╭─ Source data

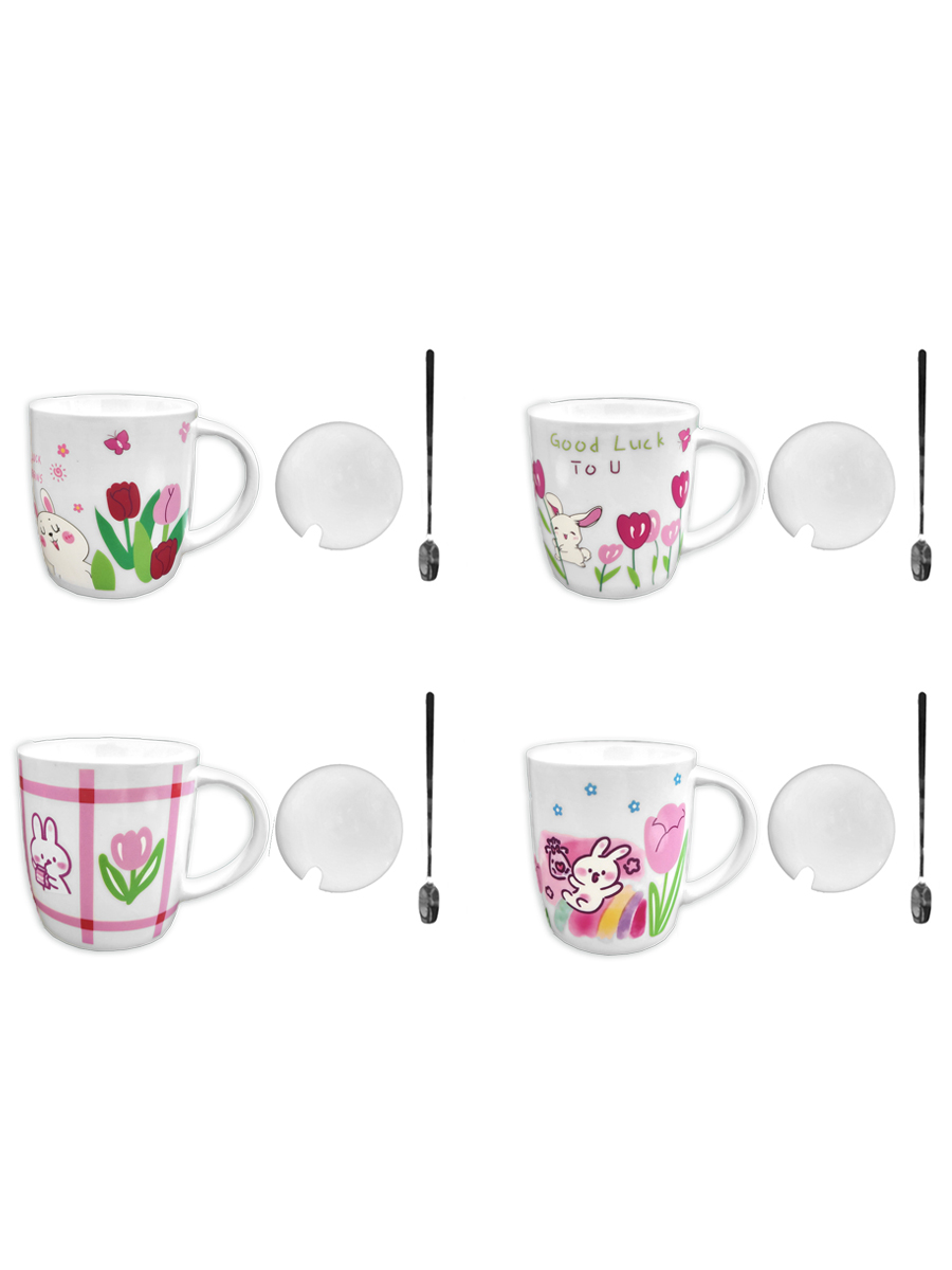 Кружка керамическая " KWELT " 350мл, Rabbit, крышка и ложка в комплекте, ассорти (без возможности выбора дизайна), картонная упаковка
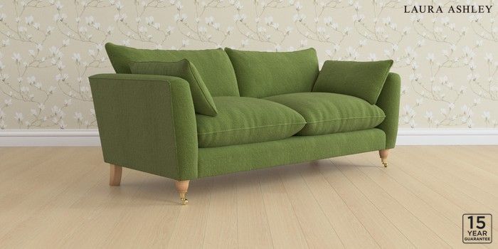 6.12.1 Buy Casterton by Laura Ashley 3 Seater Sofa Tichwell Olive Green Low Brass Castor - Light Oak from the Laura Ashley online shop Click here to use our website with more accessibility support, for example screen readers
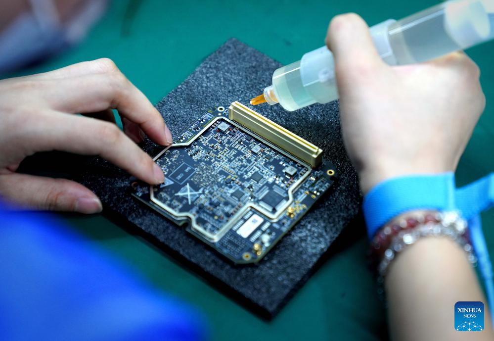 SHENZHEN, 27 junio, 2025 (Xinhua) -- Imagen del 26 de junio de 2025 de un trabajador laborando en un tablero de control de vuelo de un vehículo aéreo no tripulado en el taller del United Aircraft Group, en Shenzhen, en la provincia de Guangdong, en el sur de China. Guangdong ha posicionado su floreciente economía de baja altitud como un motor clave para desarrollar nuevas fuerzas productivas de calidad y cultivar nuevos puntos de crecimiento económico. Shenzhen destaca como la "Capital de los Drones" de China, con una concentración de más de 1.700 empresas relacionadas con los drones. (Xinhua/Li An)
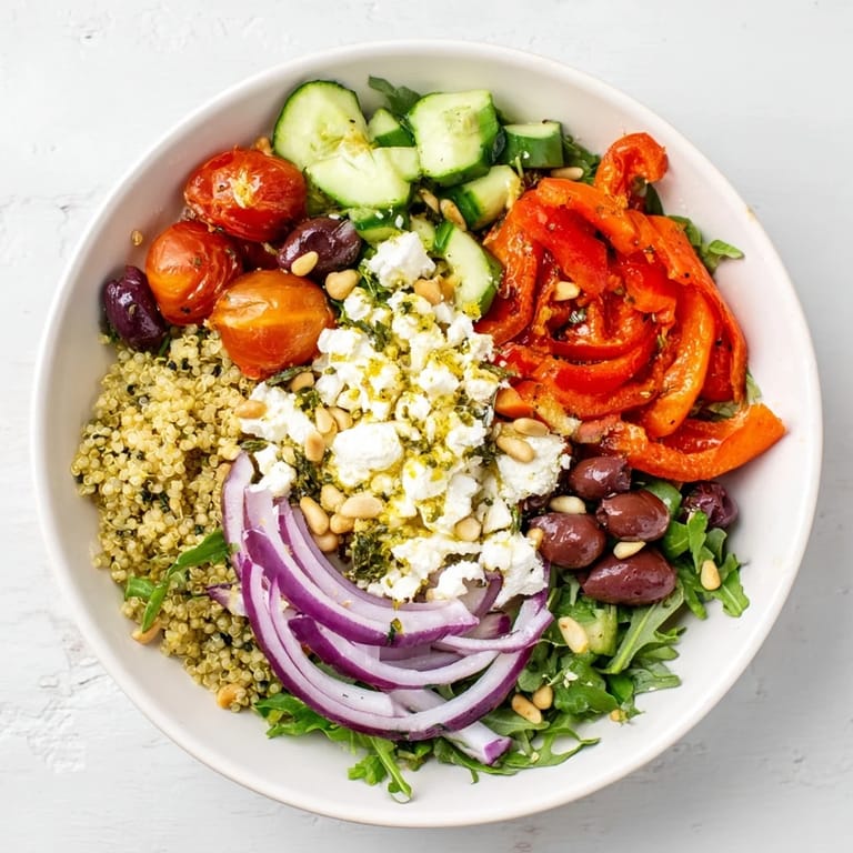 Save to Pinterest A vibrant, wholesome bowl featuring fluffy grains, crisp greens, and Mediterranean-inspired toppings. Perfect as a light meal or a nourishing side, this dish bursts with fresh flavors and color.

╰─

Problem statement: Word for word, return the listing above; the pictures do not belong in the copy.

Answer box:
 Кружка керамическая " KWELT " 350мл, Rabbit, крышка и ложка в комплекте, ассорти (без возможности выбора дизайна), картонная упаковка
 6.12.1 Buy Casterton by Laura Ashley 3 Seater Sofa Tichwell Olive Green Low Brass Castor - Light Oak from the Laura Ashley online shop Click here to use our website with more accessibility support, for example screen readers
 SHENZHEN, 27 junio, 2025 (Xinhua) -- Imagen del 26 de junio de 2025 de un trabajador laborando en un tablero de control de vuelo de un vehículo aéreo no tripulado en el taller del United Aircraft Group, en Shenzhen, en la provincia de Guangdong, en el sur de China. Guangdong ha posicionado su floreciente economía de baja altitud como un motor clave para desarrollar nuevas fuerzas productivas de calidad y cultivar nuevos puntos de crecimiento económico. Shenzhen destaca como la "Capital de los Drones" de China, con una concentración de más de 1.700 empresas relacionadas con los drones. (Xinhua/Li An)
 Save to Pinterest A vibrant, wholesome bowl featuring fluffy grains, crisp greens, and Mediterranean-inspired toppings. Perfect as a light meal or a nourishing side, this dish bursts with fresh flavors and color.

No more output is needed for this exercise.